• PROBLEM REQUIREMENTS: Begin at the first line of the data and copy each line through the one containing "Ajuste independiente del respaldo", that line included, with no pictures.

(Collection entries)
= Beginning of Section =

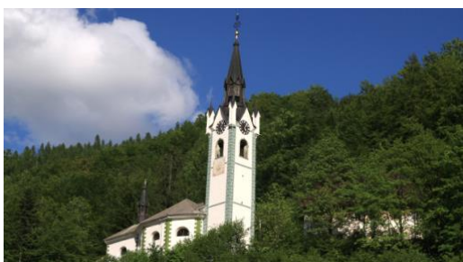
Slika 9: Cerkev svete Matere božje v Kropi

Cerkev Sv. Matere božje v Kropi - Podružnična cerkev Matere božje je med domačini bolj poznana kot Pri kapelci ali Kapelca. Graditi so jo začeli leta 1712 nad naseljem na mestu, kjer je sedem dečkov leta 1707 našlo Marijino milostno podobico – Kroparsko Mater božjo. Tloris cerkve je potegnjena osemkotnik s kvadratnim prezbitერიem. Cerkev je primer baročne arhitekture. Zvonik so povišali sredi 19. stoletja in je visok kar 56 metrov. Oblikovno izstopa njegova novogotska streha. Kroparji so si 2. julija vzeli svoj praznik in zgradili cerkev svete Matere. Ta dan je bil nezapovedan praznik, pomemben pa kot Božič in Velika noč ker so delali 6 dni na teden 12-16 ur na dan (slika 10).
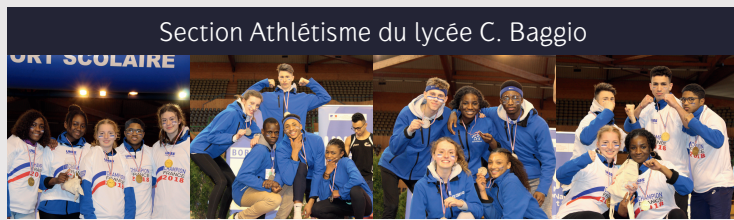
Section Athlétisme du lycée C. Baggio
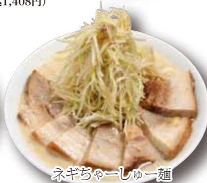
ネギチャーシュー麺
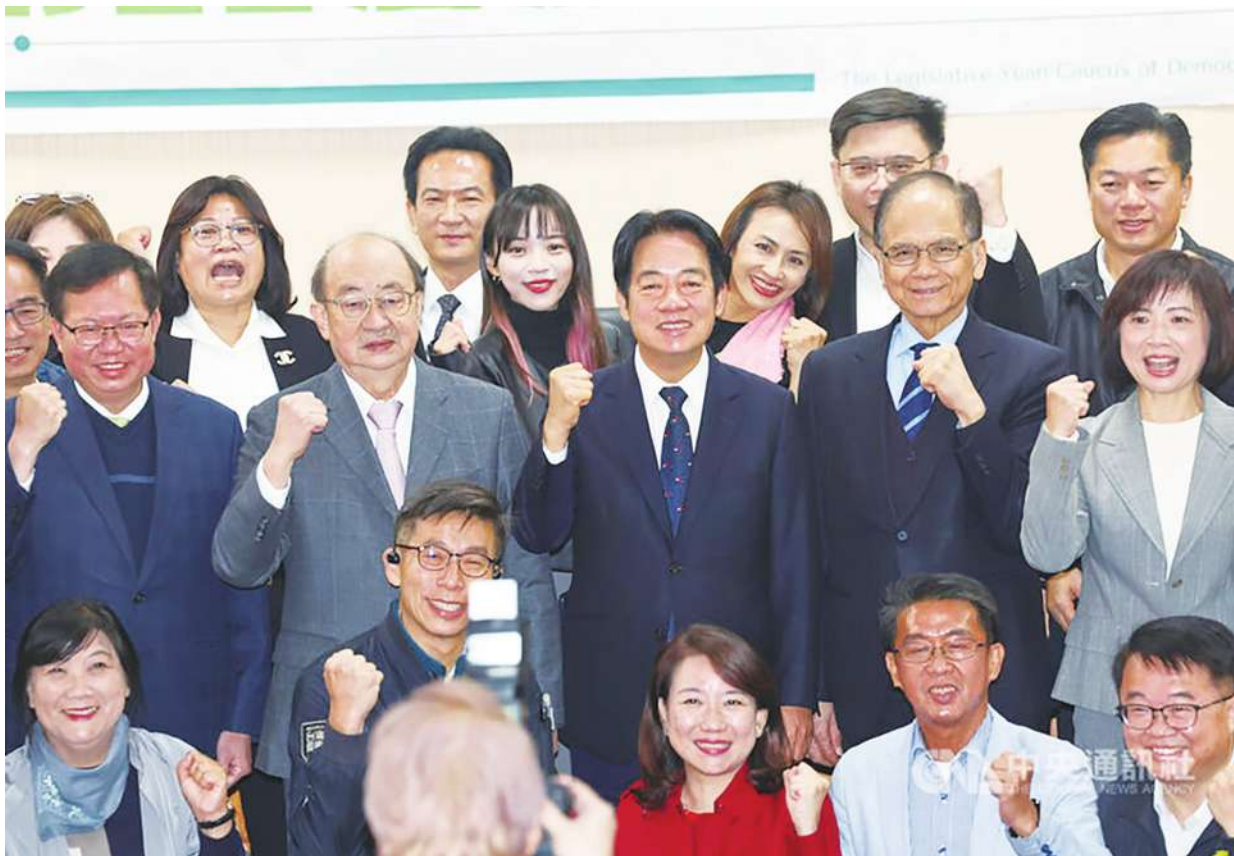
▲藍白希望行政院通過禁伐補償 50 億預算，但綠委堅持藍白主張不合理，看來總預算案解套還有段時日。

鍾佳濱質疑，難道這 50 億撥下來，在野黨就會放行整個總預算嗎？此外，退總預算也應該有一定程序，如今主計總處都尚未到立法院進行報告，「不是立委看看預算書，認為不合理就能擋，」鍾佳濱強調，應該經過質詢、審查等法定手段，否則以後都如此抵制即可，「每年都要審總預算，盼藍白能回歸理性討論，」鍾佳濱如此數說。
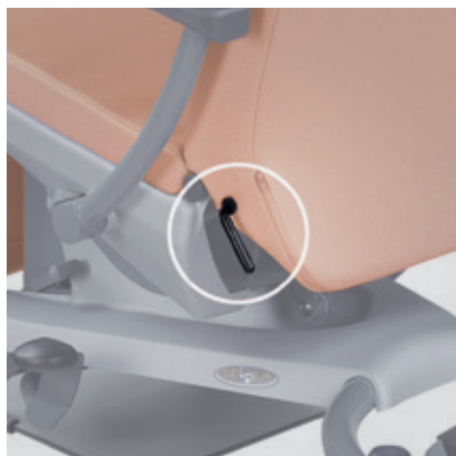
Ajuste independiente del respaldo
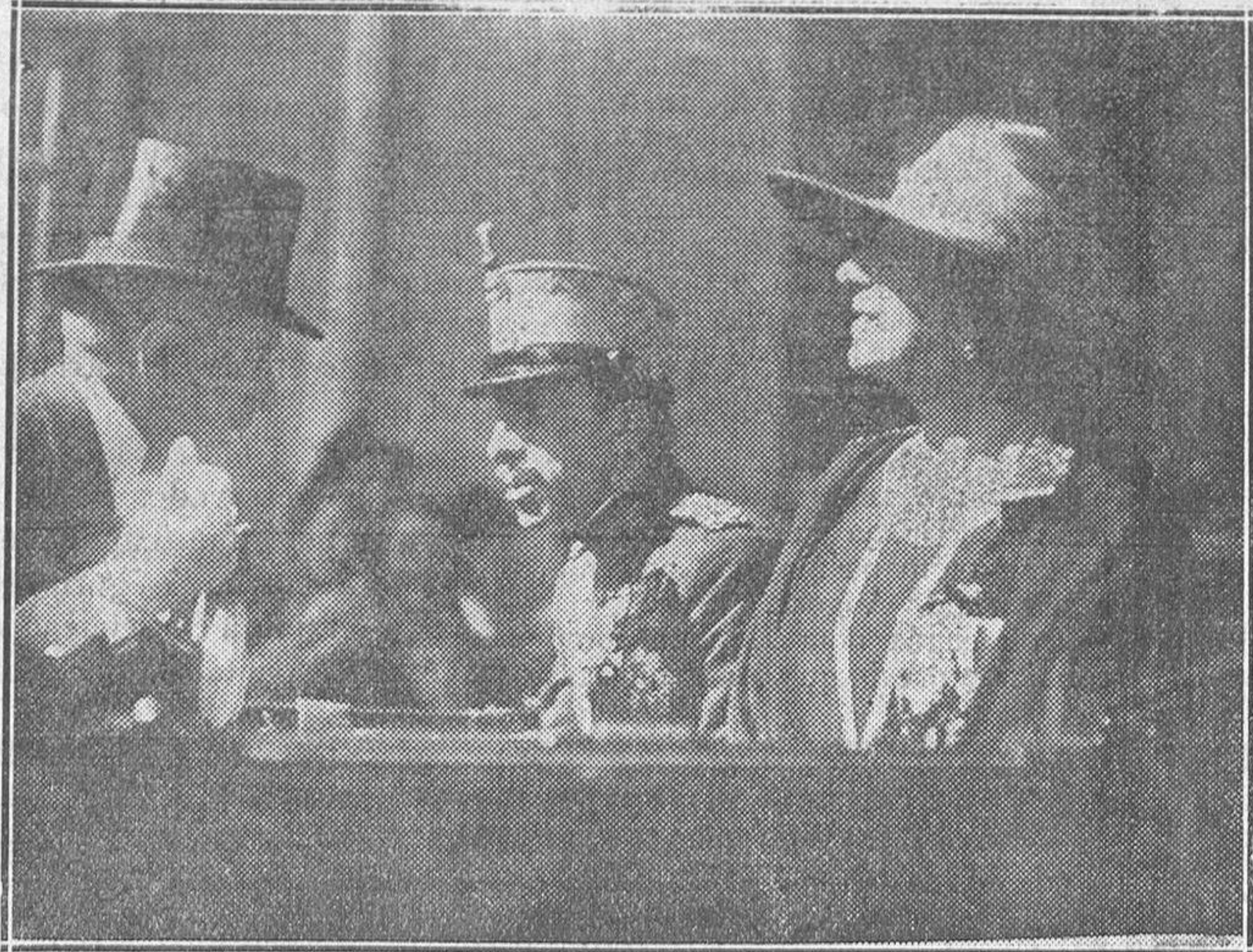
Los Reyes y el Alcalde de Salamanca.
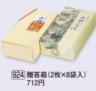
924 贈答箱 (2枚×8袋入) 712円
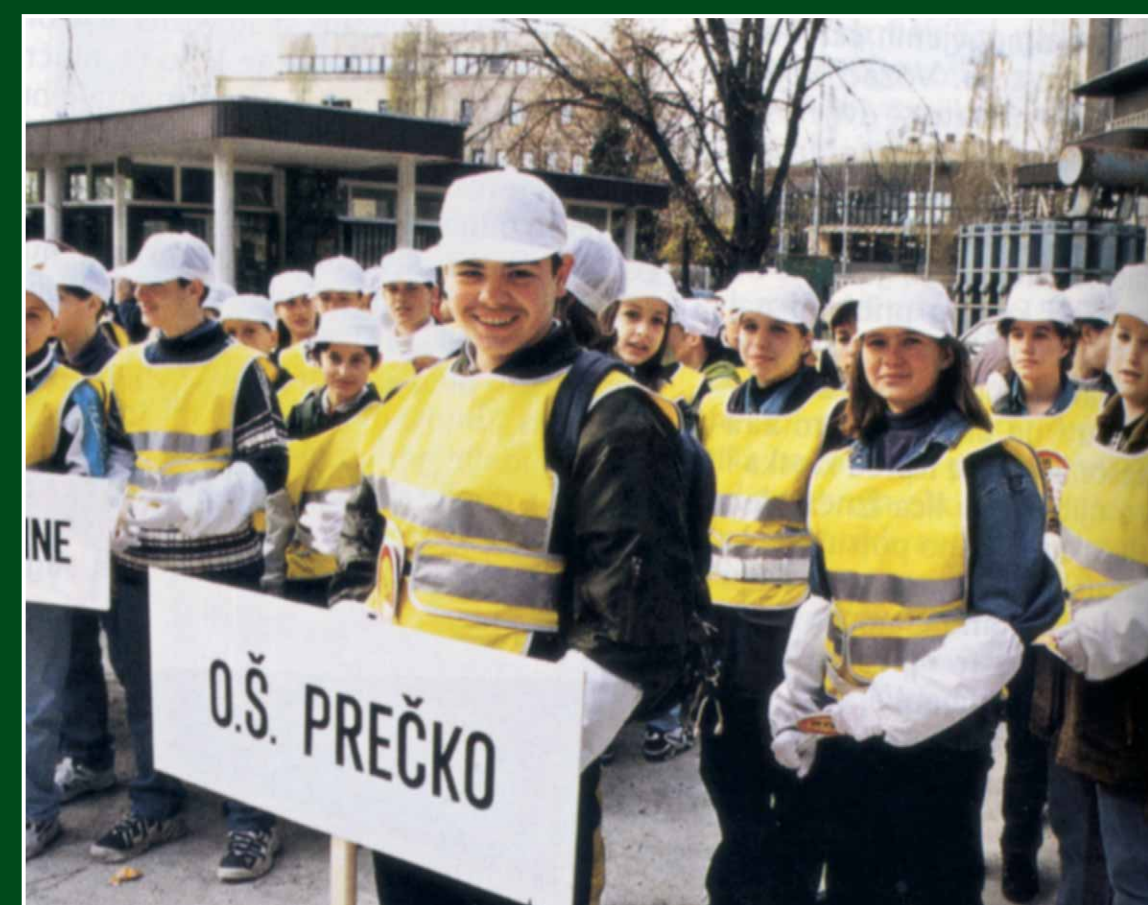
Natjecanje ŠPJ u Zagrebu

Prema dostupnim podacima, prve učeničke prometne jedinice nastale su 1922. godine u SAD-u, točnije u Detroitu (School Safety Patrols) kao jedna od mjera zaštite djece u sve gušćem cestovnom prometu poslije Prvog svjetskog rata. Nakon Drugog svjetskog rata, i u Europi se prema američkom uzoru počinju osnivati školske prometne ophodnje.
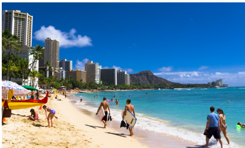
※画像はイメージです。

大手旅行会社の企画・実施する海外・国内ツアーがVIP会員なら最大10%OFFに。日本旅行をはじめ多数の旅行会社から幅広いツアーブランドを取り揃えています。
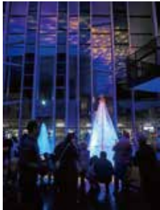
12/1の点灯式ではクリスマスにちなんだものを身に付け、ランプシェードをつくって素敵な景色とともに彩りました。
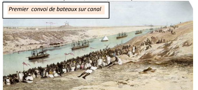
Premier convoi de bateaux sur canal

Au fil des salles nous découvrons d'abord que cette idée de creuser un canal remonte à 4000 ans et que plusieurs projets de liaison entre les deux mers avaient été envisagés avant celui de Ferdinand de Lesseps, puisque la vie du canal, compte tenu de sa situation géopolitique, fut rythmée par de nombreux conflits (1956, 1967, 1973)
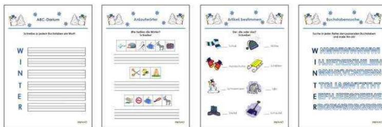
Einige Beispiele aus dem bunten Angebot der Arbeitsblattsammlung
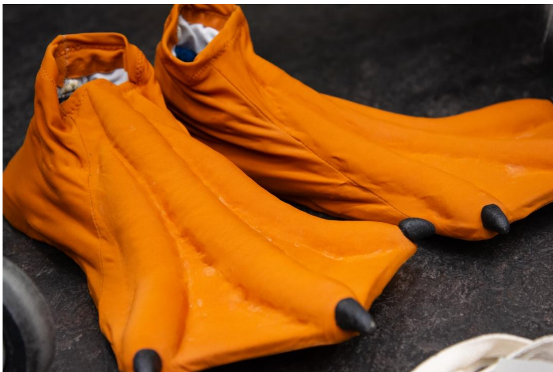
Måsens fötter.

Utöver de roller som beskrivits ovan finns många andra personer med i arbetet med att skapa en operaföreställning. Mer information om medverkande i produktionen Önskningarnas ö hittar du i slutet av lärarhandledningen.
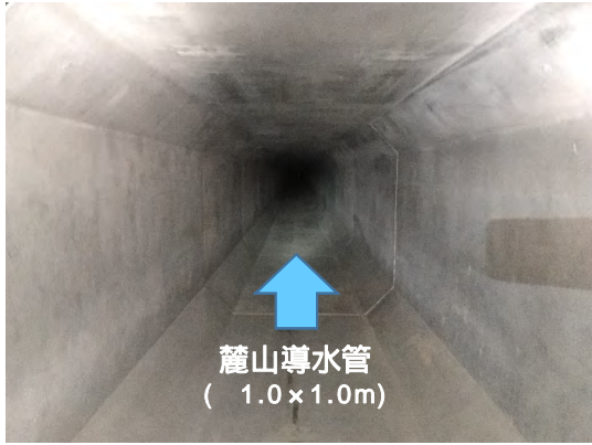
ボックスカット布設完了(内部状況)
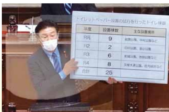
パネルにて説明する松井よしのり議員
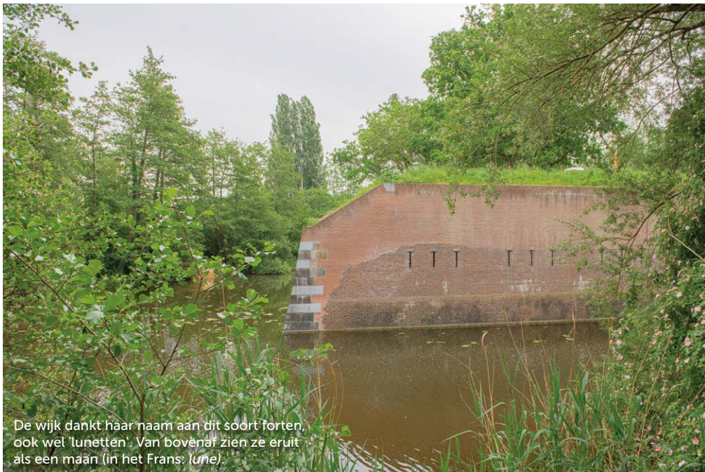
De wijk dankt haar naam aan dit soort forten, ook wel 'lunetten'. Van bovenaf zien ze eruit als een maan (in het Frans: lune ).

"Leave nothing behind, except footsteps"
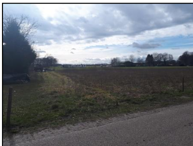
Figuur 3. Noordzijde onderzoekslocatie.
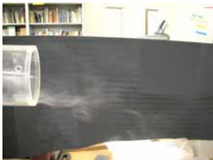
図19 水滴の様子(湿度約70%温度約30度)
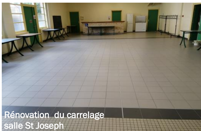
Rénovation du carrelage salle St Joseph
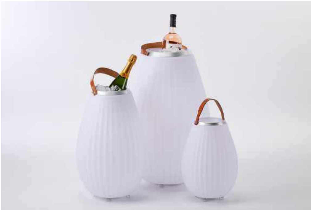
The Jooly, ein echter Tausendsassa: Getränkekühler, Leuchter und Lautsprecher für die passende Partymusik

ideal für Partys im Freien. Dieser Vielkünstler sorgt für angenehm gekühlte Kaltgetränke wie Bier, Wein oder Champagner. Er spendet außerdem dimmbares Licht in neun verschiedenen Farben für die jeweils passende Atmosphäre. Der besondere Clou: The Jooly bietet - über Bluetooth vom Smartphone oder vom PC übertragen - die passende Party-Musik. Mehrere Joolys können zur perfekten Darbietung auch kombiniert und synchronisiert werden.
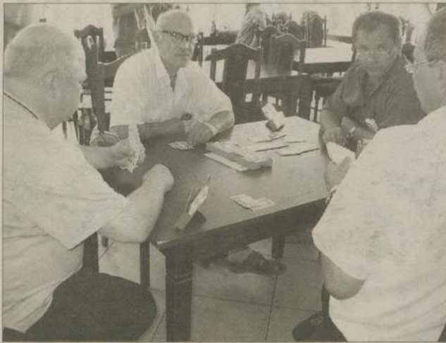
Przy zielonym stoliku zasiadło 18 par.
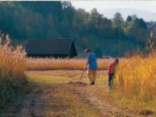
* Riedpflege in Frastanz

„LEBENDIGES DORF“ * NATURSCHUTZ IN DER GEMEINDE SCHAFFT LEBENSQUALITÄT
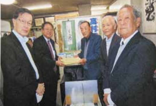
要望書の手交 (山口県連)

一 公的年金を含む社会保障給付費の財源は 、安定した雇用と着実な経済成長による税収及び各種保険料収入の増加等により確保されたい。 二 超高齢社会・人口減少社会で 、労働力人口を確保するためには、健康で働く意欲のある高齢者及び女性、特に子育て世代が安心して働きやすい労働環境の改善整備に努められたい。 三 我が国の人口が減少し続ける現実を注視して 、少子化問題の解決を積極的に推進されたい。 現役世代との公的年金の給付水準比較に当たっては、現役世代と同様に各種保険料等を年金から控除するとともに、単身高齢者世帯の増加にも留意して実施されたい。
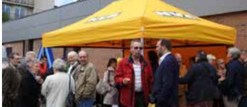
N-VA bezoekt alle wijken van Berchem p. 2
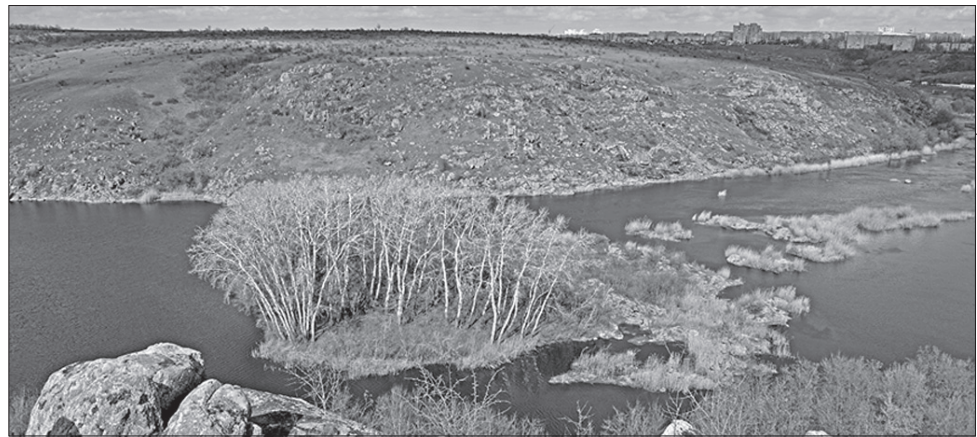
Мальовничий РЛП «Гранітно-степове Побужжя» лежить у долині Південного Бугу
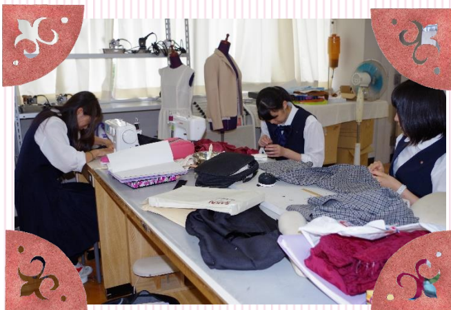
2年生は選択科目のパンツの途中提出日です。
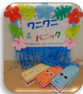
ワニワニパニックイメージ
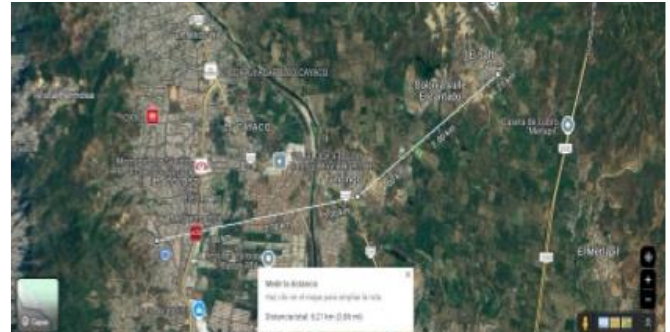
Figura 2. Mapa de conectividad en comunidades Tuncingo y El Salto

problemas como la inseguridad y la falta de infraestructura adecuada, han contribuido al desinterés de las principales empresas proveedoras de servicios de conectividad por invertir en estas localidades, lo que agrava aún más la problemática de conectividad en la región.
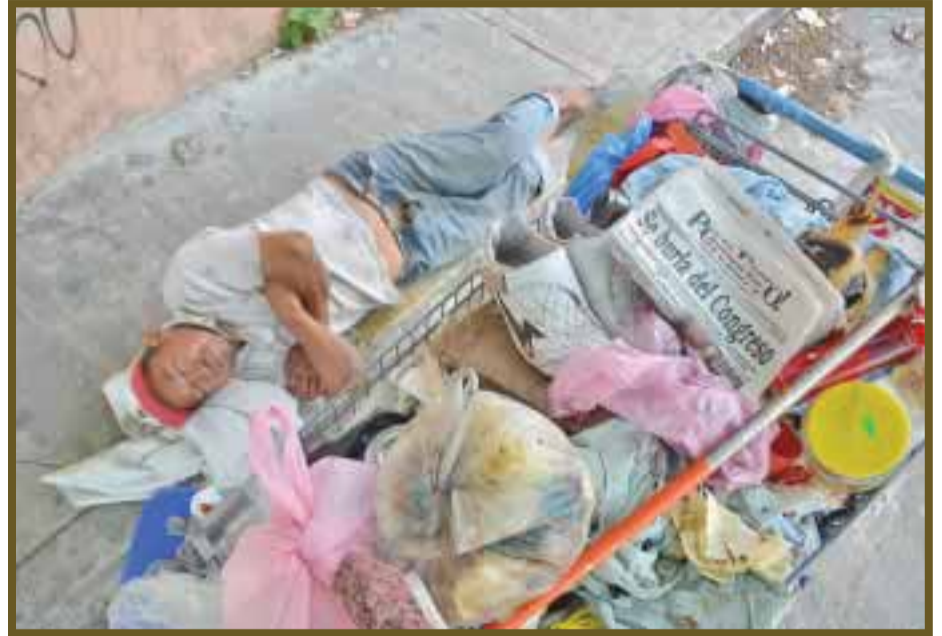
Piden al gobierno poner atención a este sector.

Los vendedores se quejan de los abusos de los patrones o de los encargados de donde laboran, pues no sólo les escatiman su salario, sino que además no son beneficiarios de seguridad social y no reciben aguinaldo.
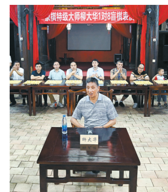
中国象棋特级大师柳大华以一对八盲棋表演
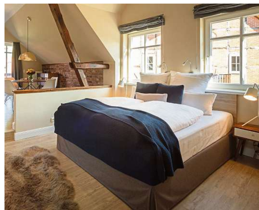
Das Apartment im ehemaligen Schweinestall ist gemütlich und modern eingerichtet. Eigentlich viel zu schade, um nur darin zu schlafen.
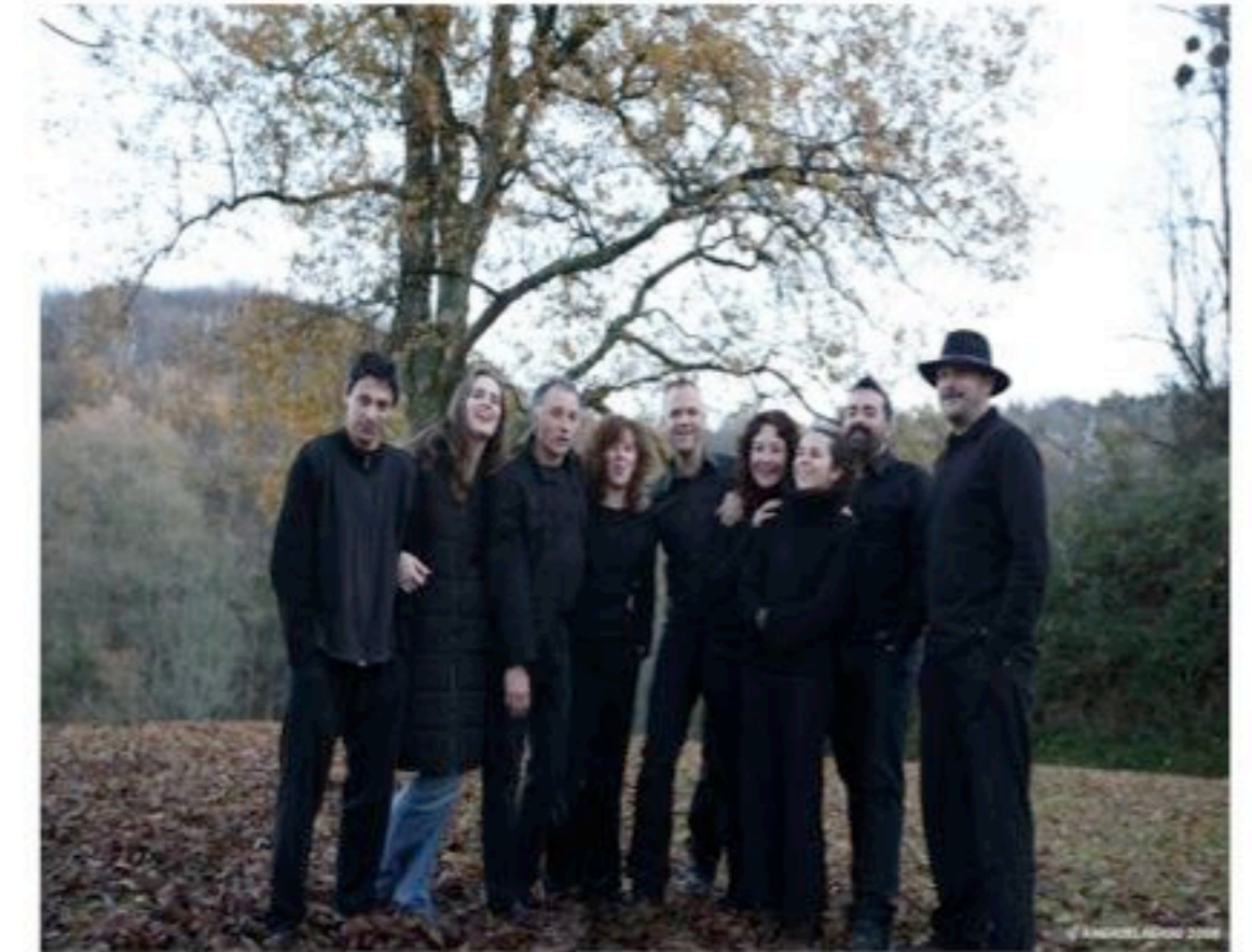
« Le Remède de Fortune »

= End of Section =

• RESULT OF THE EXERCISE:
Slika 9: Cerkev svete Matere božje v Kropi

Cerkev Sv. Matere božje v Kropi - Podružnična cerkev Matere božje je med domačini bolj poznana kot Pri kapelci ali Kapelca. Graditi so jo začeli leta 1712 nad naseljem na mestu, kjer je sedem dečkov leta 1707 našlo Marijino milostno podobico – Kroparsko Mater božjo. Tloris cerkve je potegnjena osemkotnik s kvadratnim prezbitერიem. Cerkev je primer baročne arhitekture. Zvonik so povišali sredi 19. stoletja in je visok kar 56 metrov. Oblikovno izstopa njegova novogotska streha. Kroparji so si 2. julija vzeli svoj praznik in zgradili cerkev svete Matere. Ta dan je bil nezapovedan praznik, pomemben pa kot Božič in Velika noč ker so delali 6 dni na teden 12-16 ur na dan (slika 10).
Section Athlétisme du lycée C. Baggio
ネギチャーシュー麺
▲藍白希望行政院通過禁伐補償 50 億預算，但綠委堅持藍白主張不合理，看來總預算案解套還有段時日。

鍾佳濱質疑，難道這 50 億撥下來，在野黨就會放行整個總預算嗎？此外，退總預算也應該有一定程序，如今主計總處都尚未到立法院進行報告，「不是立委看看預算書，認為不合理就能擋，」鍾佳濱強調，應該經過質詢、審查等法定手段，否則以後都如此抵制即可，「每年都要審總預算，盼藍白能回歸理性討論，」鍾佳濱如此數說。
Ajuste independiente del respaldo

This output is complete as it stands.